--- /dev/null
+*.bin
+*.iso
+*.o
+*.sw*
+iso/boot/*.bin
--- /dev/null
+ASFLAGS := --32
+CXXFLAGS := -m32 -ggdb -g3 -O0 -fno-pic -ffreestanding -fno-rtti -fno-exceptions -std=c++23
+LDFLAGS := -m32 -static -T link.ld -ffreestanding -nostdlib
+
+ASFILES := boot.s
+CXXFILES := gdt.cpp \
+ idt.cpp \
+ memory.cpp \
+ multiboot.cpp \
+ pic.cpp \
+ pit.cpp \
+ tasking.cpp \
+ vgaterminal.cpp \
+ kernel.cpp
+
+OBJS := $(subst .s,.o,$(ASFILES)) \
+ $(subst .cpp,.o,$(CXXFILES))
+
+all: myos.iso
+
+myos.iso: myos.bin iso/boot/grub/grub.cfg
+ @echo " ISO " $@
+ @cp myos.bin iso/boot/
+ @grub-mkrescue -o myos.iso iso/
+
+myos.bin: $(OBJS) link.ld
+ @echo " LD " $@
+ @g++ $(LDFLAGS) -o $@ $(OBJS)
+
+%.o: %.s
+ @echo " AS " $<
+ @as $(ASFLAGS) -c $< -o $@
+
+%.o: %.cpp
+ @echo " CXX " $<
+ @g++ $(CXXFLAGS) -c $< -o $@
+
+clean:
+ @echo " CLEAN"
+ @rm -f $(OBJS) myos.bin myos.iso
+
+run: myos.iso
+ @echo " QEMU"
+ @qemu-system-i386 -cdrom $< -monitor stdio -no-reboot -s -S #-d int
+
--- /dev/null
+/* Declare constants for the multiboot header. */
+.set MAGIC, 0xE85250D6
+.set FLAGS, 0x0
+.set LENGTH, 16
+.set CHECKSUM, -(MAGIC + FLAGS + LENGTH)
+
+.section .multiboot2
+.align 8
+.int MAGIC
+.int FLAGS
+.int LENGTH
+.int CHECKSUM
+
+/* info request */
+.align 8
+.hword 1, 0
+.int 12
+.int 4
+
+/* end tag */
+.align 8
+.hword 0, 0
+.int 8
+
+/*
+The multiboot standard does not define the value of the stack pointer register
+(esp) and it is up to the kernel to provide a stack.

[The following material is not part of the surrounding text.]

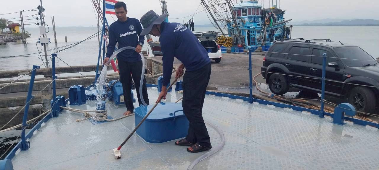 วันที่ 23 ม.ค. 69 นปท.บางสะพานฯ ศปท.ชุมพร กองตรวจการประมง กรมประมง โดย นายสมชาย ศรีสวัสดิ์ หน.นปท. บางสะพานฯ พร้อมเจ้าหน้าที่หน่วยฯ ทำความสะอาดภายใน – ภายนอก ตัวเรือ เพื่อเตรียมความพร้อมนำเรือตรวจประมงทะเล 611 ร่วมพิธีประกาศใช้มาตรการบริหารจัดการทรัพยากรสัตว์น้ำในฤดูสัตว์น้ำมีไข่วางไข่ และเลี้ยงตัวอ่อนวันที่ 13 กุมภาพันธ์ 2569 ณ บริเวณท่าเทียบเรือประมงชุมพร ต.ปากน้ำ อ.เมือง จ.ชุมพร เพื่อได้รับทราบ
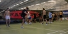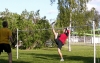 Samuli Viitanen tries to serve, but Ilkka Malin blocks. Notice the semi-official field! . Photo by Justin Sexton.

This allocates room for a
+small stack by creating a symbol at the bottom of it, then allocating 16384
+bytes for it, and finally creating a symbol at the top. The stack grows
+downwards on x86. The stack is in its own section so it can be marked nobits,
+which means the kernel file is smaller because it does not contain an
+uninitialized stack. The stack on x86 must be 16-byte aligned according to the
+System V ABI standard and de-facto extensions. The compiler will assume the
+stack is properly aligned and failure to align the stack will result in
+undefined behavior.
+*/
+.section .bss
+.align 16
+stack_bottom:
+.skip 16384 # 16 KiB
+stack_top:
+
+/*
+The linker script specifies _start as the entry point to the kernel and the
+bootloader will jump to this position once the kernel has been loaded. It
+doesn't make sense to return from this function as the bootloader is gone.
+*/
+.section .text
+.global _start
+.type _start, @function
+_start:
+ /*
+ The bootloader has loaded us into 32-bit protected mode on a x86
+ machine. Interrupts are disabled. Paging is disabled. The processor
+ state is as defined in the multiboot standard. The kernel has full
+ control of the CPU. The kernel can only make use of hardware features
+ and any code it provides as part of itself. There's no printf
+ function, unless the kernel provides its own <stdio.h> header and a
+ printf implementation. There are no security restrictions, no
+ safeguards, no debugging mechanisms, only what the kernel provides
+ itself. It has absolute and complete power over the
+ machine.
+ */
+ mov %eax, multiboot_magic
+ mov %ebx, multiboot_ptr
+
+ /*
+ To set up a stack, we set the esp register to point to the top of the
+ stack (as it grows downwards on x86 systems). This is necessarily done
+ in assembly as languages such as C cannot function without a stack.
+ */
+ mov $stack_top, %esp
+
+ /*
+ This is a good place to initialize crucial processor state before the
+ high-level kernel is entered. It's best to minimize the early
+ environment where crucial features are offline. Note that the
+ processor is not fully initialized yet: Features such as floating
+ point instructions and instruction set extensions are not initialized
+ yet. The GDT should be loaded here. Paging should be enabled here.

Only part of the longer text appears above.